8.5.2 Calculate percentage of mitochondrial genes:
We calculate it as the proportion. Unfortunately we can see in our data that the mitochondrial genes are not included in the gene mapping.
We are interested in the genes encoded by the mitochondrial genome. These are named in a particular way. You can explore them in FlyBase and in UCSC
For this we will use a function named grep
that is used to extract elements that contain certain pattern from a vector or list.
#nGene and nUMI are automatically calculated for every object by Seurat.
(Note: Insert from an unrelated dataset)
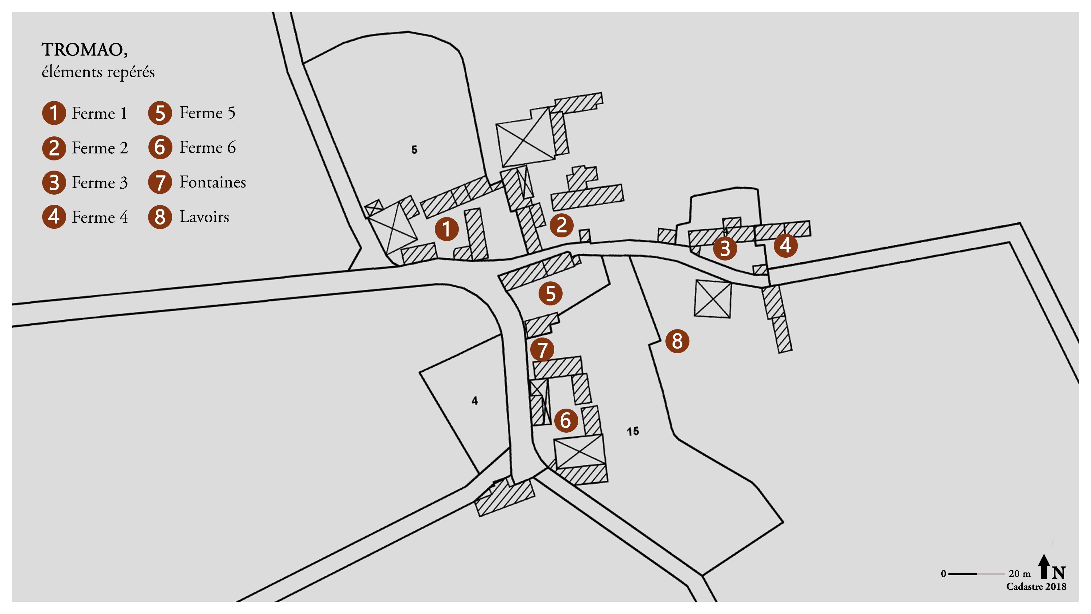 Village de Tromao, éléments repérés. Fond : cadastre 2018.Immatriculation

For non-UMI data.
## We calculate the percentage of mitochondrial genes here and store it in percent.mito using the AddMetaData. The % of UMI mapping to MT-genes is a common scRNA-seq QC metric.
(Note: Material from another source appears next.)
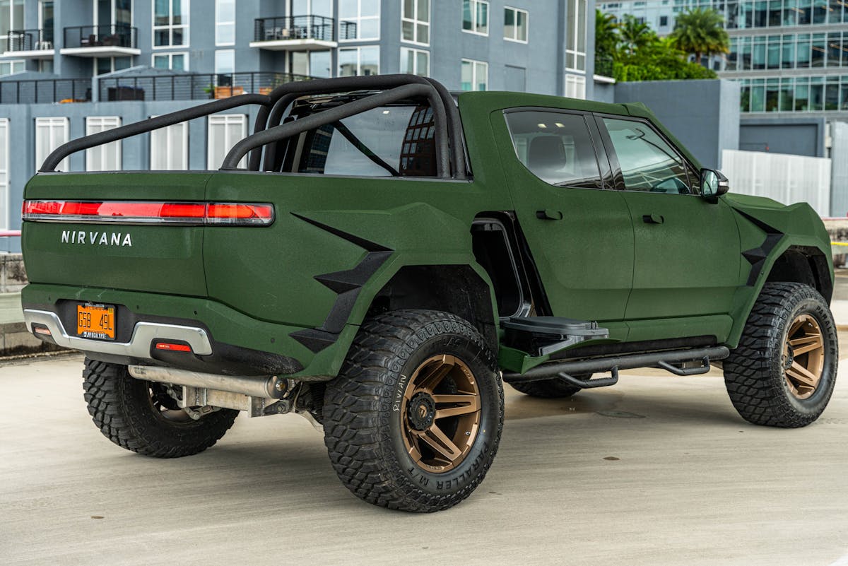 A Nirvana owner will probably never struggle to remember where their truck is parked. Just look for the crowd. Part of that is due to the custom bodywork. And creating the bodywork was no easy task. Thickness is critical and all the Rivian’s technology, like cameras, ultrasonic sensors, and radar units, were retained and positioned correctly. Out back the wheel openings were enlarged while up front the stock fenders were replaced with custom units that have larger wheel openings. The larger wheel openings ensure that the big 38×15.5R20LT mud-terrain tires on 12-inch-wide Fuel wheels could travel without contacting the truck’s body. The front bumper and hood are custom made. A custom Kevlar material is used for the Nirvana’s finish and it helps protect the truck from scratches and rust. As a bonus it’s said to be easy to clean.

#We can explore the genes in each object
rownames(DM.1@assays$RNA)[1:5]
#mitochondrial genes have certain pattern
grep(pattern = "^mt-",x= rownames(DM.1@assays$RNA), value = T) #Here we are taking the data that actually is mitochondrial genes
#We will try with some other names for the mitochondrial genes: http://flybase.org/reports/FBgn0013676 for example
grep("CO",x= rownames(DM.1@assays$RNA), value = T)
grep("co",x= rownames(DM.1@assays$RNA), value = T)
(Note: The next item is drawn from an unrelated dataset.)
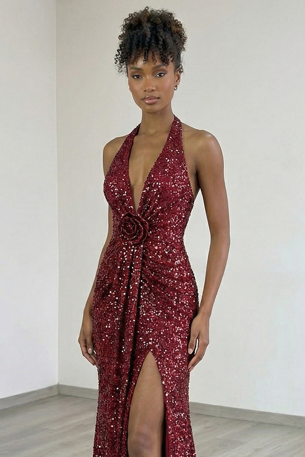 Błyszcząca bordowa sukienka na bal z cekinami i rozcięciem

## [1] "128up" "14-3-3epsilon" "14-3-3zeta"
## [4] "140up" "18SrRNA-Psi:CR41602"
## character(0)
## [1] "COQ7" "COX4" "COX5A" "COX5B" "COX6B"
## [6] "COX7A" "COX7C" "COX8" "SCOT" "alphaCOP"
## [11] "betaCOP" "betapCOP" "deltaCOP" "epsilonCOP" "gammaCOP"
## [16] "zetaCOP"
## [1] "Acon" "Acox57D-p" "Glycogenin" "Mco1" "Ncoa6"
## [6] "Orco" "Orcokinin" "Picot" "Scox" "chico"
## [11] "coil" "cold" "colt" "comm" "comt"
## [16] "conu" "cora" "corn" "coro" "cort"
## [21] "corto" "cos" "dco" "disco" "disco-r"
## [26] "eco" "loco" "pico"
#The CO3 is not there, you can try this for all of the mitochondrial genes.
#Anyways, once you have a list this is the way to proceed (we will not do this because we do not have the genes in the annotation):
percent.mito <- grep("^mt-",x= rownames(DM.1@assays$RNA), value = T)
percent.mito <- colSums(DM.1@raw.data[mito.genes, ])/colSums(ALL@raw.data)
DM.1[["percent.mt"]] <- AddMetaData(DM.1, percent.mito, "percent.mito")
#Or this other way
DM.1[["percent.mt"]] <- PercentageFeatureSet(DM.1, pattern = "^mt-")
8.5.3 Removing low quality cells
We will do the same cutoff as the paper: nUMI>700, I added the nGene>100
#How many cells there are?
nrow(DM.1@meta.data)
#Subset in ALL the data sets
DM.1 <- subset(DM.1, subset = nFeature_RNA > 100 & nCount_RNA> 700)
#How many cells are now?
nrow(DM.1@meta.data)
## [1] 907
## [1] 907
8.6 Normalizing the data
Now we want to normalize the data. Remember that in the previous chapter we normalized by library depth to able to compare the different samples. For single cell we do the same but a different way. Seurat uses a global-scaling normalization method “LogNormalize” that normalizes the feature expression measurements for each cell by the total expression (like library depth), multiplies this by a scale factor (this helps to increase the level, as in single cell the gene expression is really low), and log-transforms the result (this helps reduce the variability).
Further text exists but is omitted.